PROBLEM:
Omit all pictures, then retype exactly the lines from the one that contains "Тип соединения /" through the end of the listing.

DATA FOR PROCESSING:
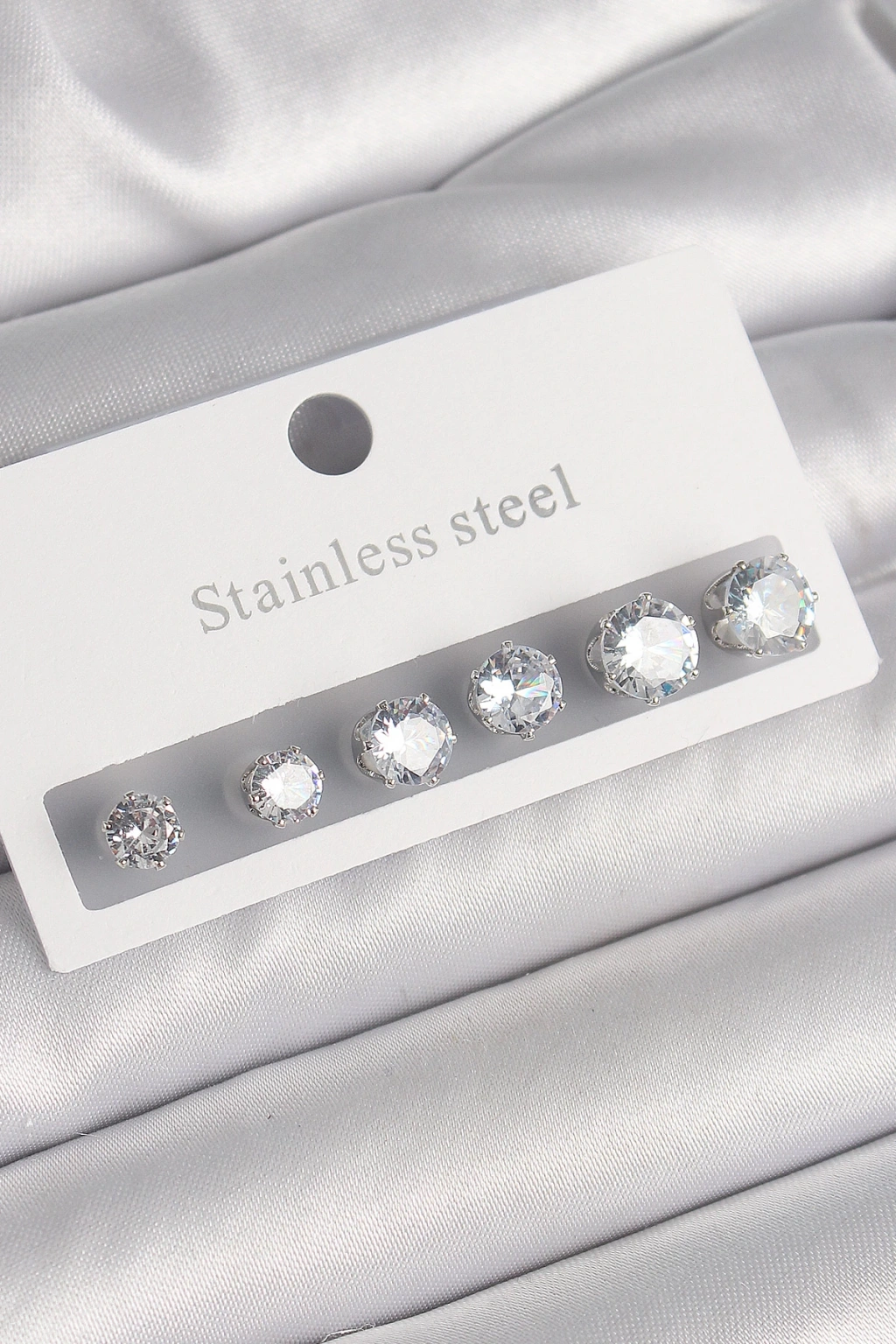 Gümüş Renk 6'lı Pirinç Küpe Seti
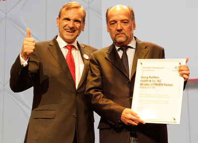 von 8: Geehrt, weil seit 80 Jahren Citroen-Händler: Georg Popp (re.) führt das Autohaus Georg Rüthlein in Würzburg in vierter Generation. Citroen Chef Peter Weis gratuliert.
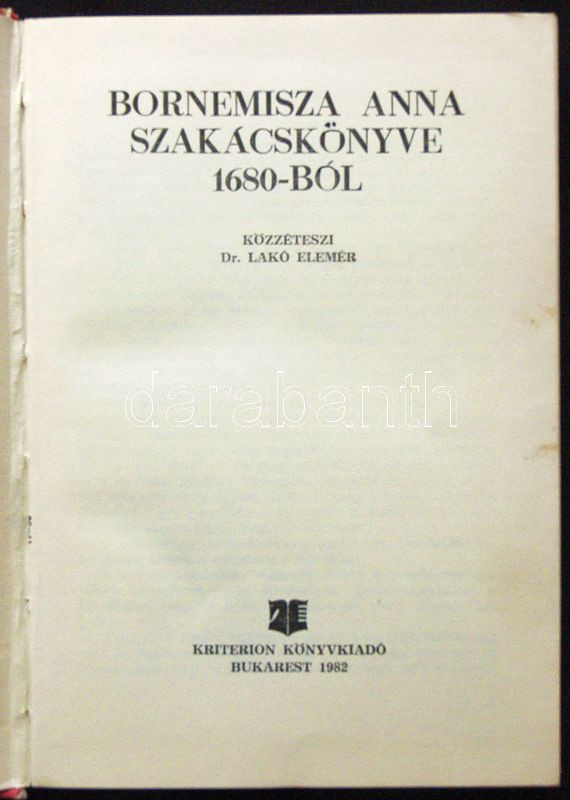 1982 Dr. Lakó Elemér: Bornemisza Anna szakácskönyve 1680-ból, Kriterio... https://www.darabanth.com/de/153-Fernauktion/153.0/Andere-Sammelgebiete/Bucher-Kuche-und-Garten~500019/1982-Dr-Lako-Elemer-Bornemisza-Anna-szakacskonyve-1680-bol-Kriterion-Kiado-Bukarest-kiadC3~II474286
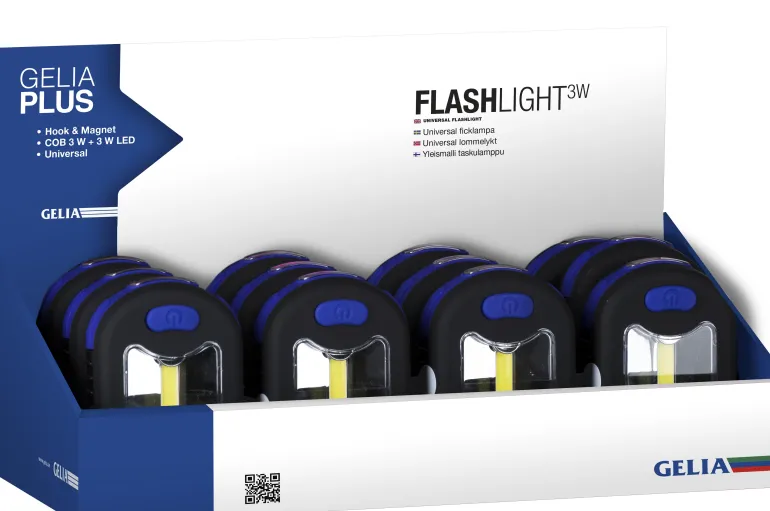 Gelia Cob on iskunkestävä työvalo 3 W, joka voidaan ripustaa tai kiinnittää käyttäen lampun takaosassa olevaa magneettia. Kaksi valotehoa (100 % ja 50 %) ja valovirta 180 luumenia.
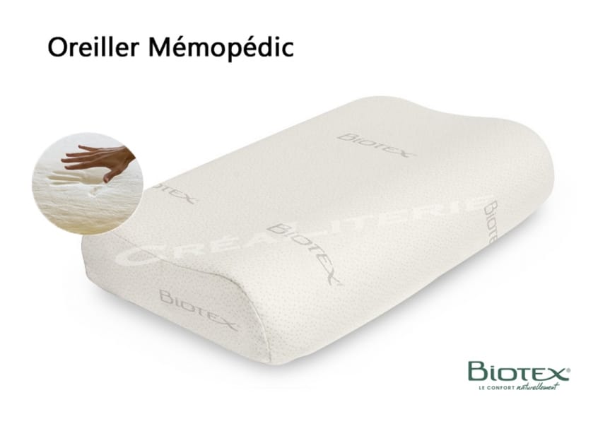 Oreiller Mémopédic mémo sensitive à mémoire de forme élaboré à base d’huile de ricin, housse coton extérieur + housse coton intérieur par BIOTEX.
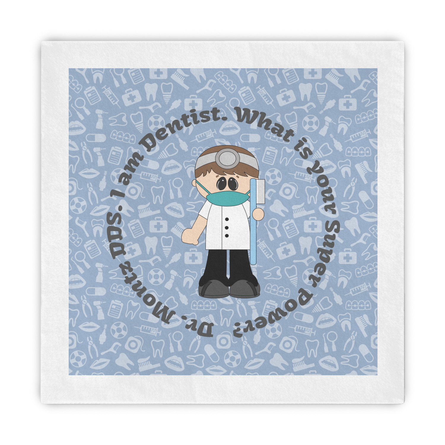 This design is a light blue with dark blue accents in its background. The design features a fun little cartoon dentist that will just make you smile. The text surrounding the little dentist will be the perfect place for a dentist pun or your name!
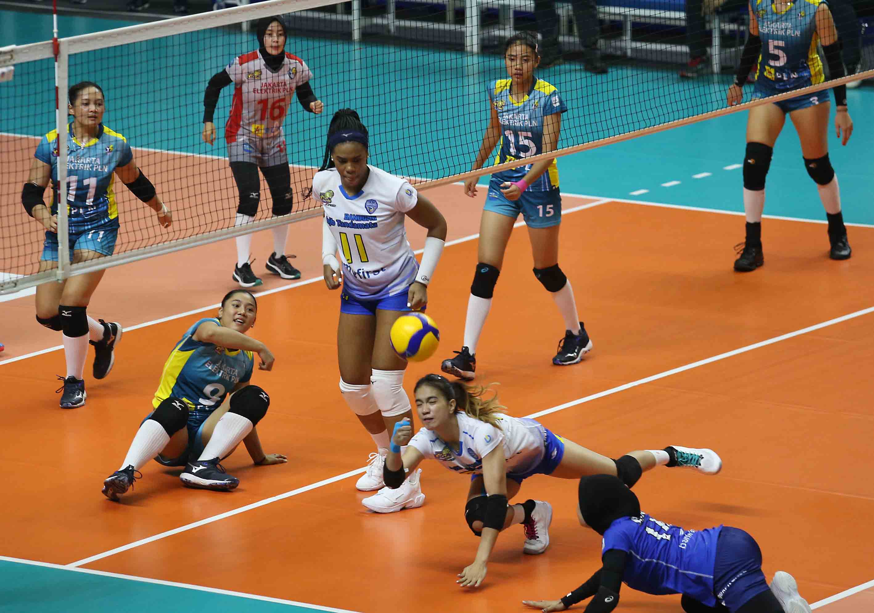 Shella Bernadetha Onnan (20) berupaya menyelamatkan bola block dari Jakarta Elektrik PLN . Tim bola voli putri Bandung BJB Tandamata berhasil menang atas Jakarta Elektrik PLN dengan skor 3-2 (25-22, 25-23,18-25, 21-25, 15-10). Pertandingan Proliga 2022 putaran kedua yang berlangsung di GOR Padepokan Voli Jenderal Polisi Kunarto, Sentul, Jumat (18/2/2022). (Foto : Erly Bahtiar/Sportsmoment.id).
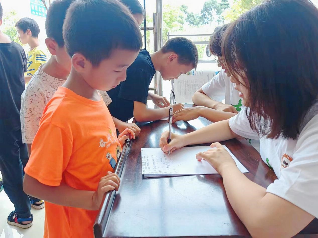 招生圓滿成功,盛放“青藤”花。8月8日下午,青藤支教隊二隊在鎮(zhèn)雄縣魯家院子新苑社區(qū)招生活動順利舉行。在支教隊和社區(qū)工作人員前期宣傳的作用下,陸續(xù)有家長帶著學(xué)生來報名,從幼兒園到初中,各種年齡段的同學(xué)都很樂意參與支教活動。支教隊員對學(xué)生的年齡,年級,家長信息等進行了登記,并告知了注意事項以及上課所需物品。截止到下午5點,魯家院子支教點已經(jīng)有八十多個學(xué)生前來報名,招生工作圓滿結(jié)束。
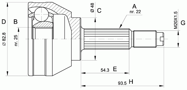 Тип соединения / сочленения: Шарнир равных угловых скоростей
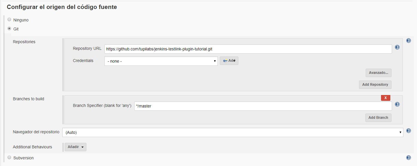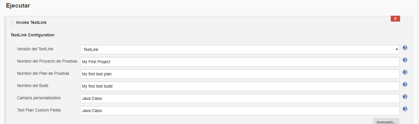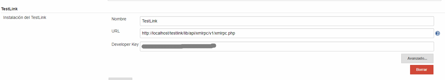- Versión de TestLink : Aplicará la establecida en la configuración de Jenkins.
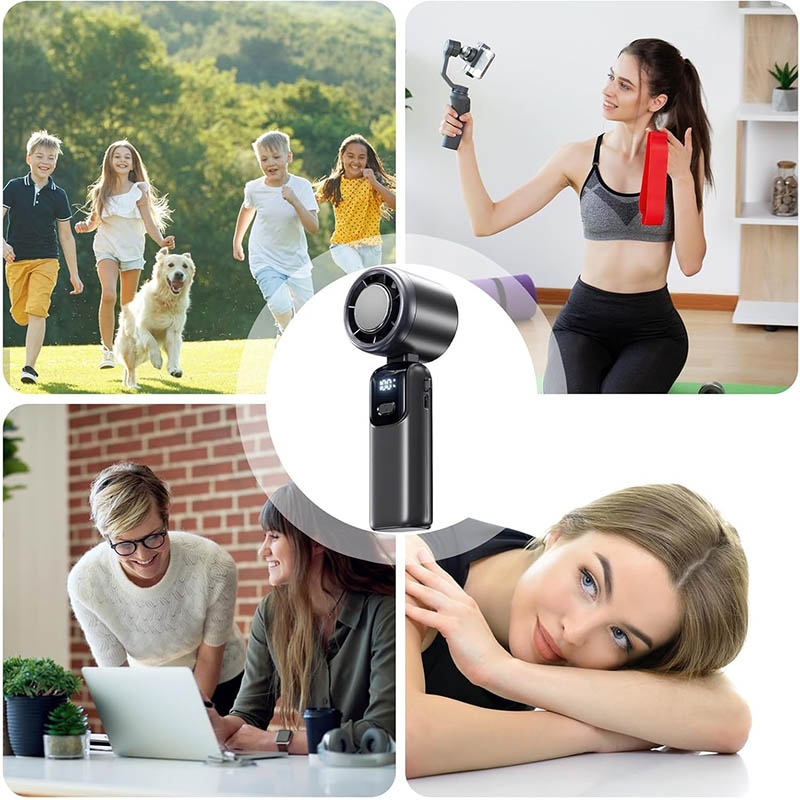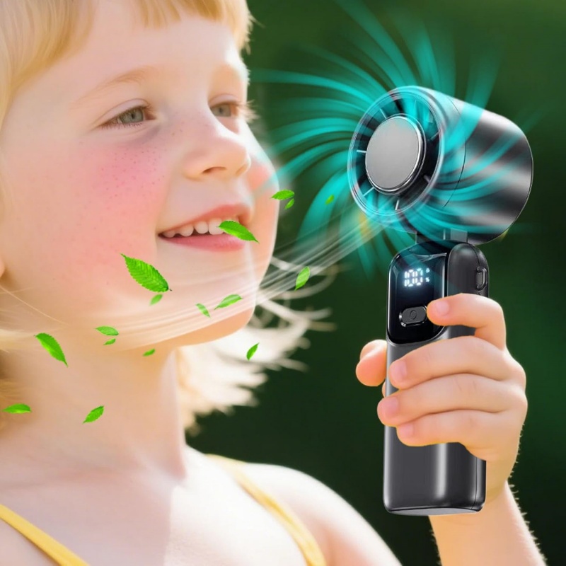 This foldable handheld fan is designed for powerful, portable cooling wherever you go. With its compact body, turbo airflow, and foldable structure, it can be used by hand or placed on a desk, making it ideal for the office, home, kitchen, travel, camping, and outdoor activities.
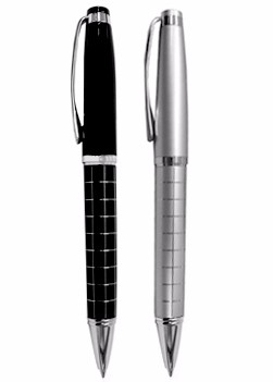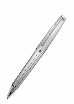 Caneta de metal fosco com detalhes quadriculado. Medidas para gravação (CxD): 5,0 cm x 3,8 cm Tamanho total (CxD): 13,7 cm x 4,0 cm Peso do produto: 34 g

WRITTEN REPLY:
 Тип соединения / сочленения: Шарнир равных угловых скоростей
- Versión de TestLink : Aplicará la establecida en la configuración de Jenkins.
 This foldable handheld fan is designed for powerful, portable cooling wherever you go. With its compact body, turbo airflow, and foldable structure, it can be used by hand or placed on a desk, making it ideal for the office, home, kitchen, travel, camping, and outdoor activities.
 Caneta de metal fosco com detalhes quadriculado. Medidas para gravação (CxD): 5,0 cm x 3,8 cm Tamanho total (CxD): 13,7 cm x 4,0 cm Peso do produto: 34 g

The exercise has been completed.